◆ **WORK REQUEST**: Word for word, write out the entries that follow, omitting all pictures.

◆ **SOURCE DATA**:

+--

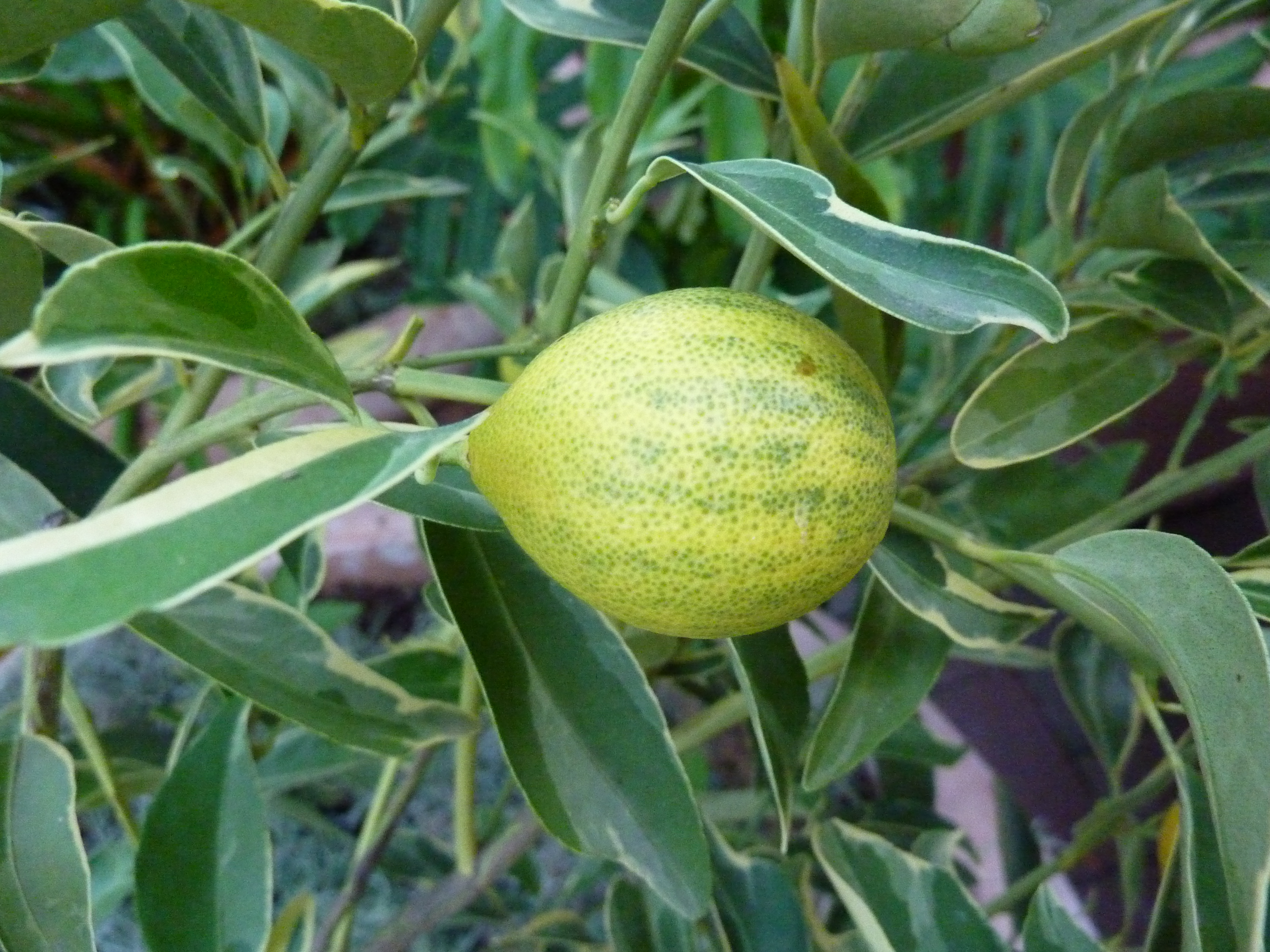 Kumquat, Citrus japonica 'Centennial Variegated', in the Linnean House of the Missouri Botanical Garden
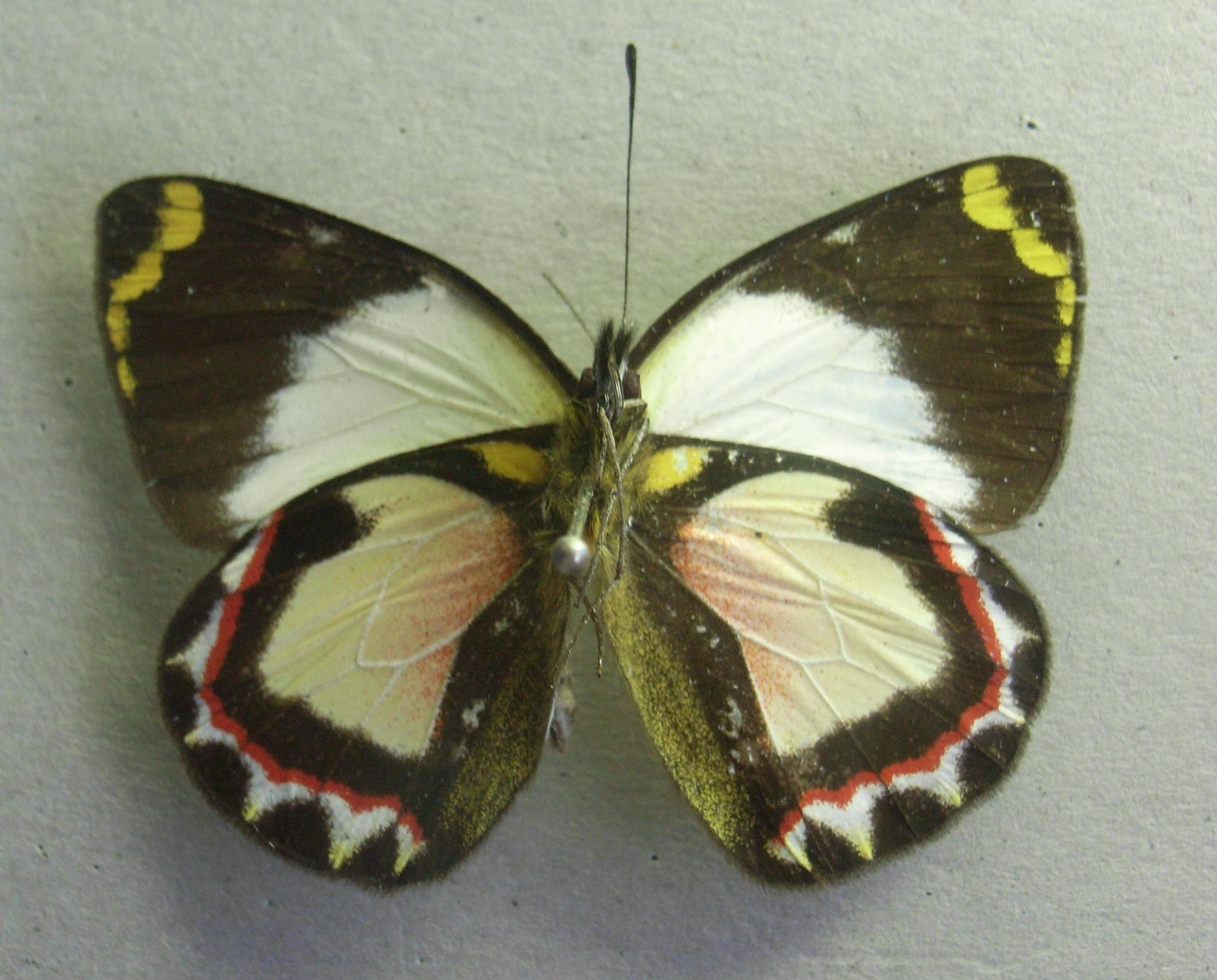 Delias mesoblema:Pierinae:Pieridae
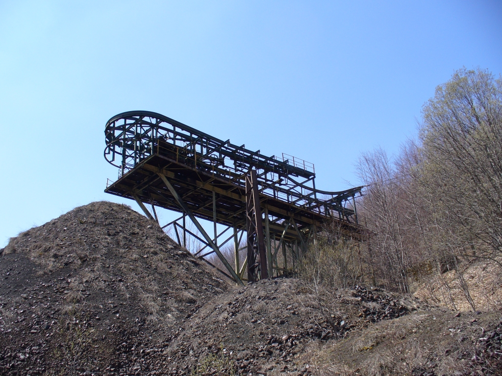 Tajmište mine, Macedonia
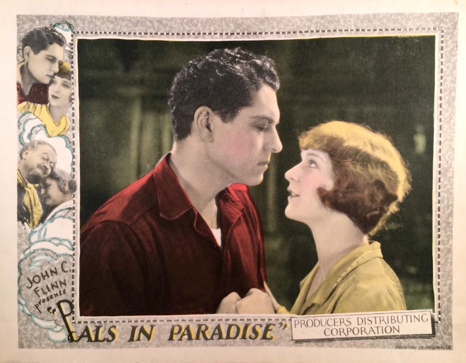 Lobby card for the American film Pals in Paradise (1926). There are no copyright marks on the card. At lower right is Country of origin USA.
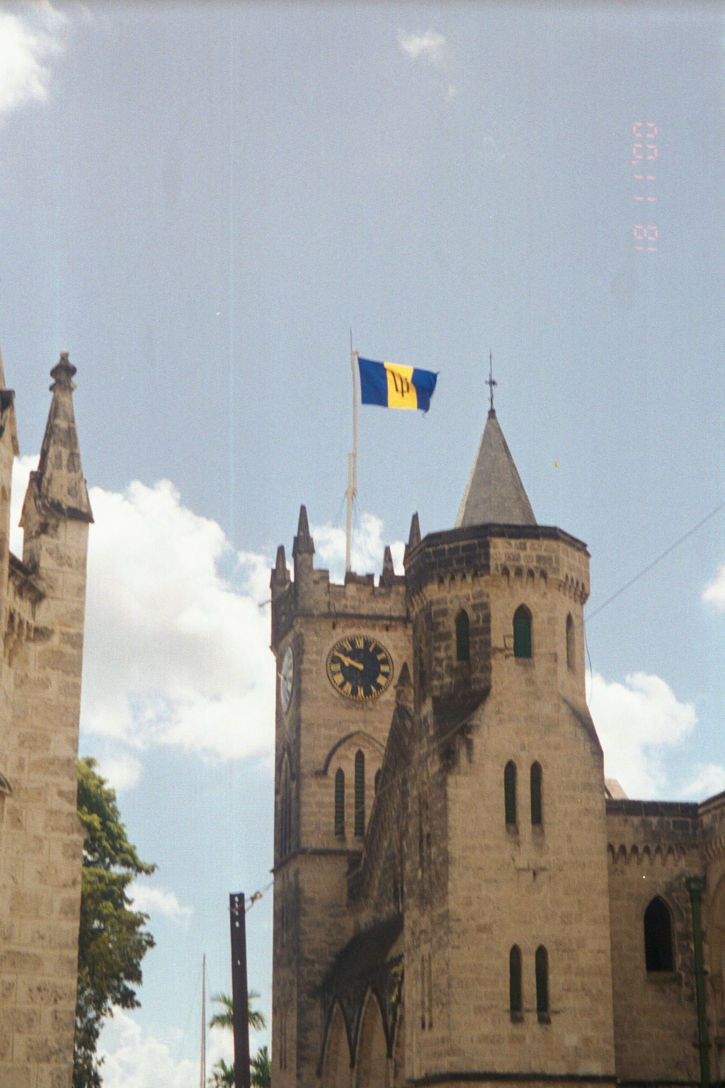 Parliament of Barbados as viewed from the rear.
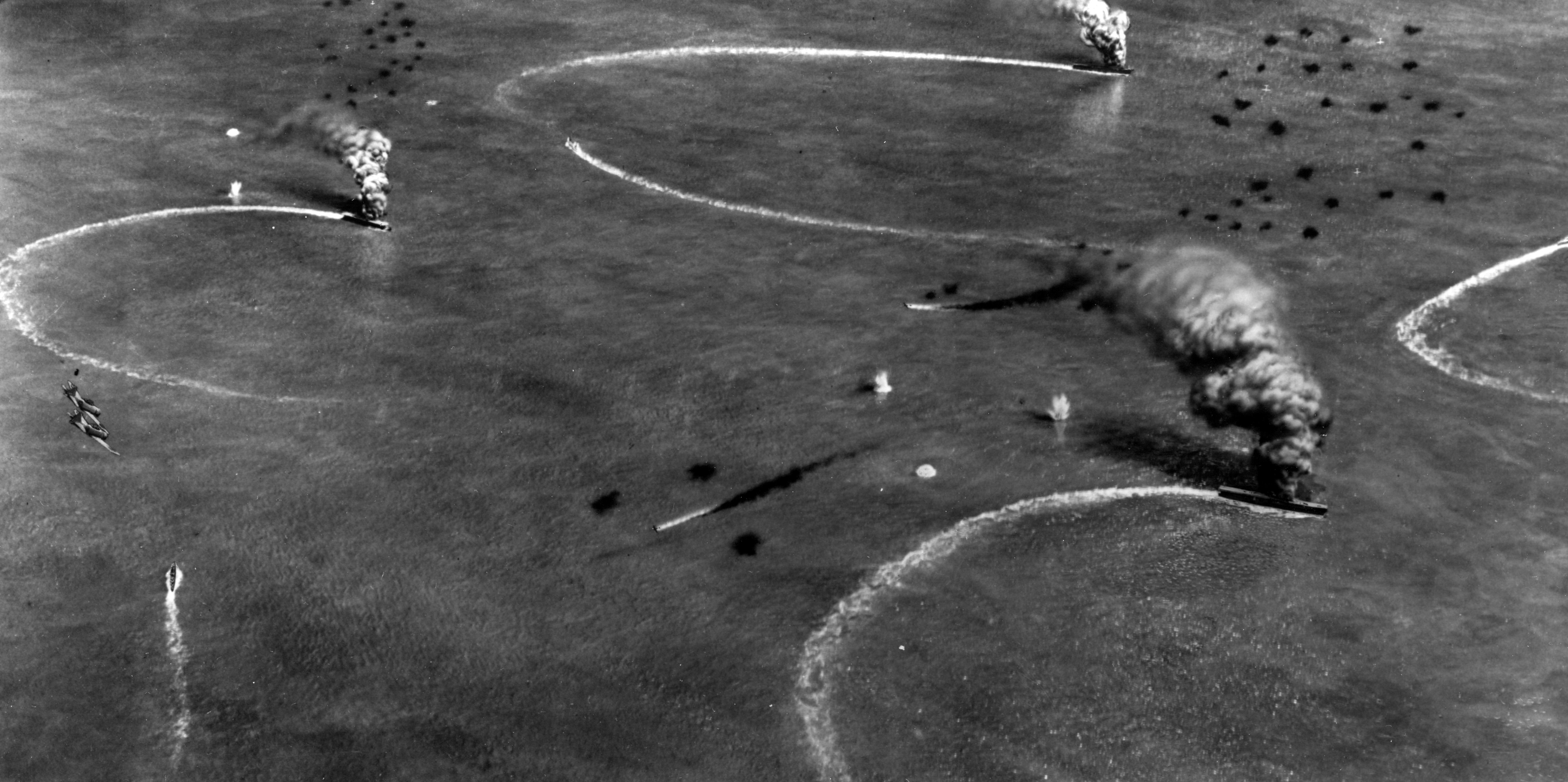 Diorama by Norman Bel Geddes, depicting the attack by USS Enterprise (CV-6) and USS Yorktown (CV-5) dive bombers on the Japanese aircraft carriers Akagi, Kaga and Soryu in the morning of 4 June 1942. The diorama was created during World War II on the basis of information then available. It is therefore somewhat inaccurate in scope and detail. This angle of view depicts Soryu (attacked by Yorktown aircraft) in the middle distance, with Kaga and Akagi (both attacked by Enterprise aircraft) as the closer two burning ships.
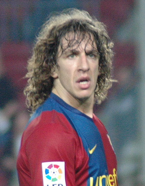 Carles Puyol, FC Barcelona's player, during the match FC Barcelona-Getafe CF.
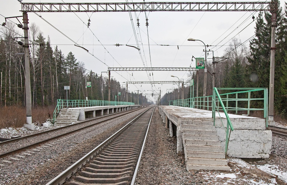 Platform 214 km at Big Moscow Loop
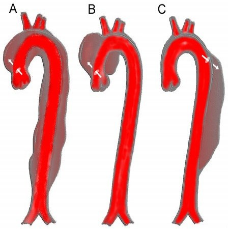 Classification of aortic dissection - Einteilung der Aortendissektion
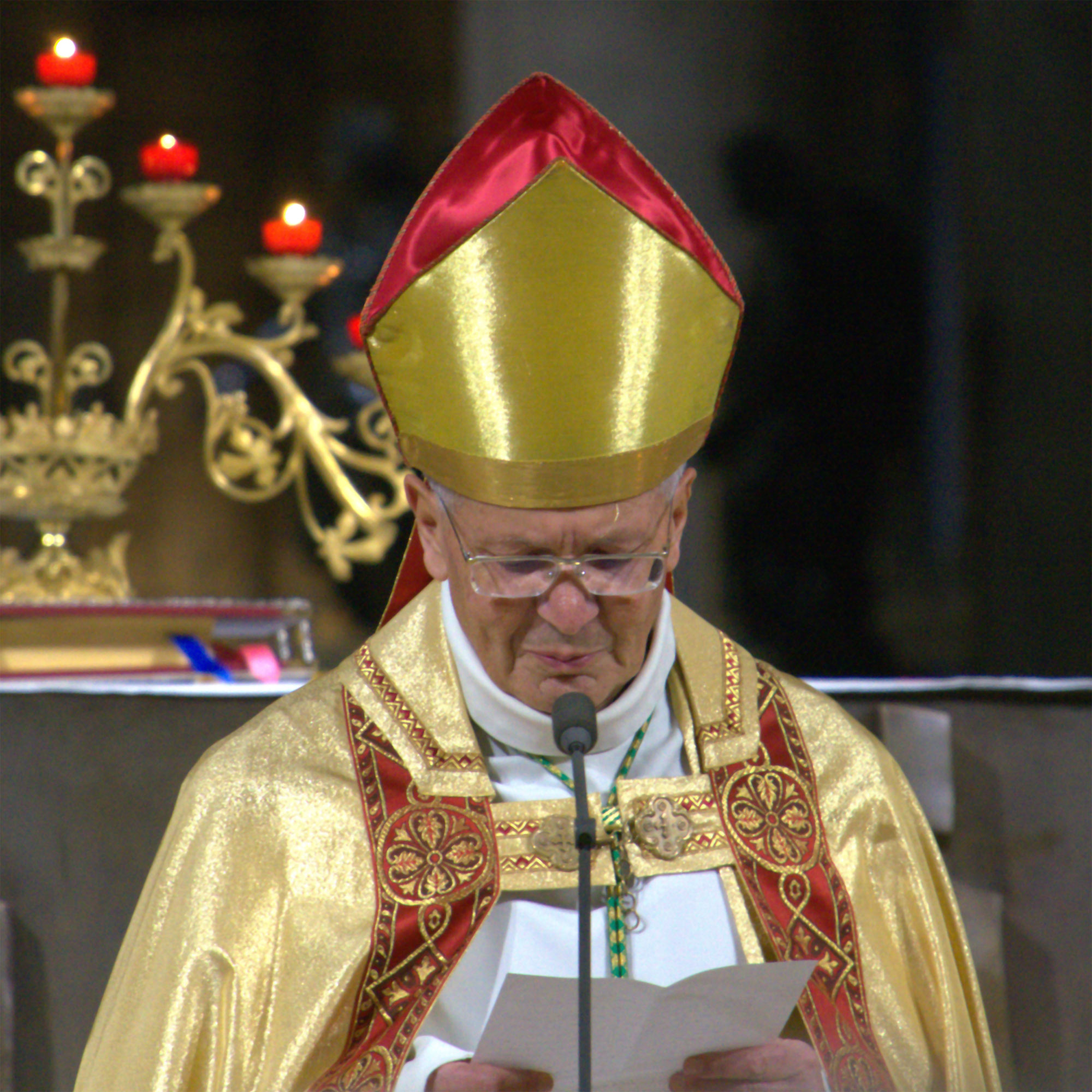 Guy Thomazeau, French Catholic archbishop, during commemoration of victims of Holodomor in Ukraine at Notre Dame de Paris
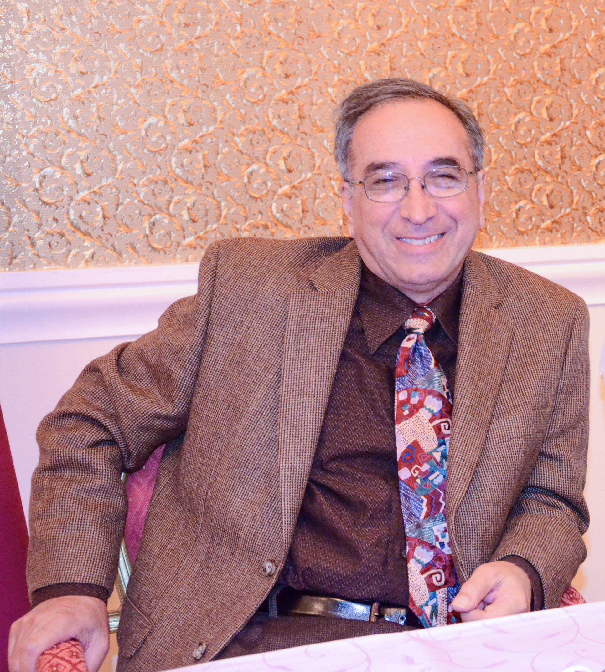 Hassan Niknafs smiling at conference table at Khazar University in 2014
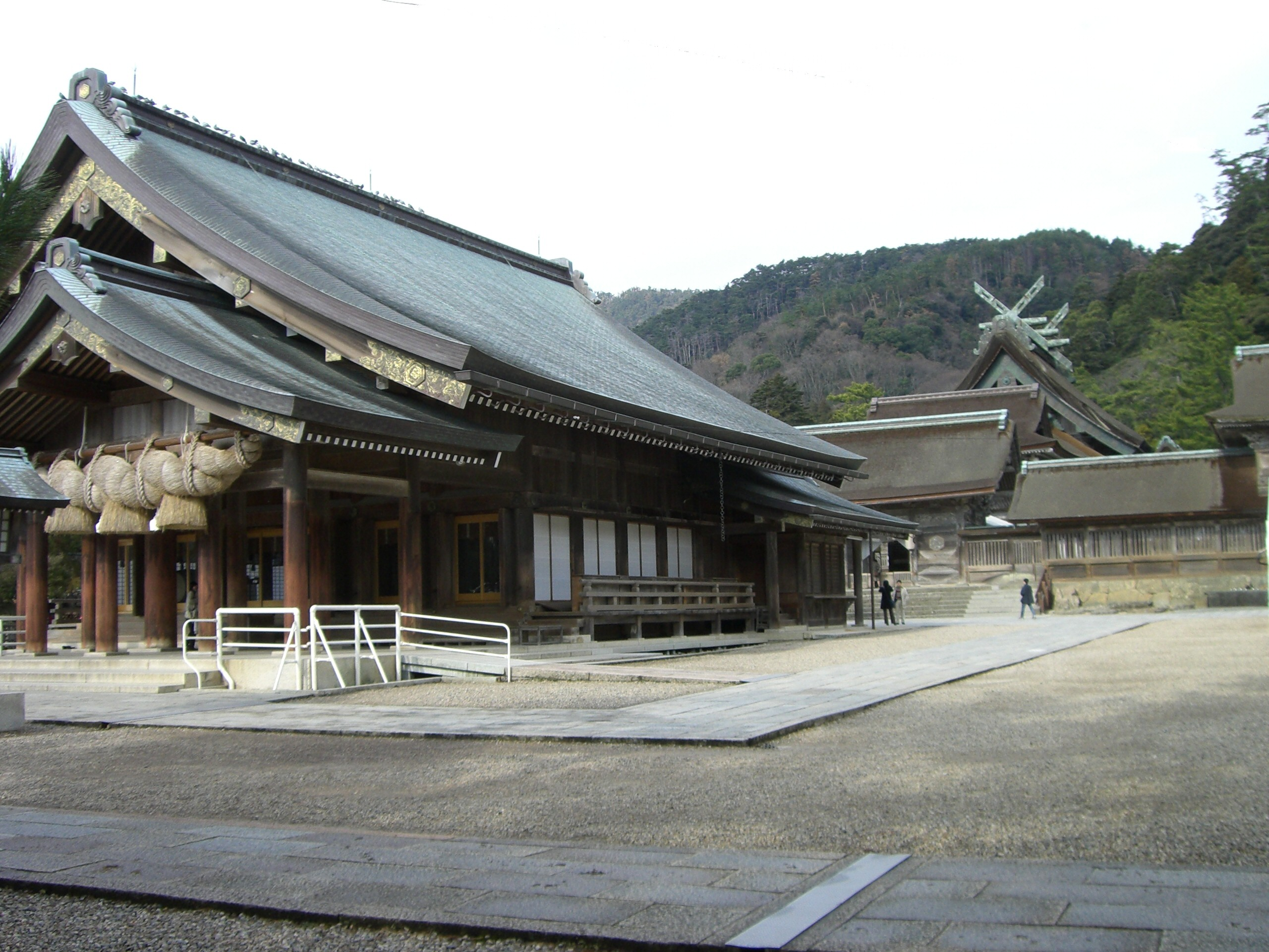 the inner sanctuary of the 出雲大社(Izumo Taisha) ; the front building is the outer shrine(Image:Izumo-shrine Haiden01.jpg)

+--

◆ **ANSWER TO THE PROBLEM**:
 Kumquat, Citrus japonica 'Centennial Variegated', in the Linnean House of the Missouri Botanical Garden
 Delias mesoblema:Pierinae:Pieridae
 Tajmište mine, Macedonia
 Lobby card for the American film Pals in Paradise (1926). There are no copyright marks on the card. At lower right is Country of origin USA.
 Parliament of Barbados as viewed from the rear.
 Diorama by Norman Bel Geddes, depicting the attack by USS Enterprise (CV-6) and USS Yorktown (CV-5) dive bombers on the Japanese aircraft carriers Akagi, Kaga and Soryu in the morning of 4 June 1942. The diorama was created during World War II on the basis of information then available. It is therefore somewhat inaccurate in scope and detail. This angle of view depicts Soryu (attacked by Yorktown aircraft) in the middle distance, with Kaga and Akagi (both attacked by Enterprise aircraft) as the closer two burning ships.
 Carles Puyol, FC Barcelona's player, during the match FC Barcelona-Getafe CF.
 Platform 214 km at Big Moscow Loop
 Classification of aortic dissection - Einteilung der Aortendissektion
 Guy Thomazeau, French Catholic archbishop, during commemoration of victims of Holodomor in Ukraine at Notre Dame de Paris
 Hassan Niknafs smiling at conference table at Khazar University in 2014
 the inner sanctuary of the 出雲大社(Izumo Taisha) ; the front building is the outer shrine(Image:Izumo-shrine Haiden01.jpg)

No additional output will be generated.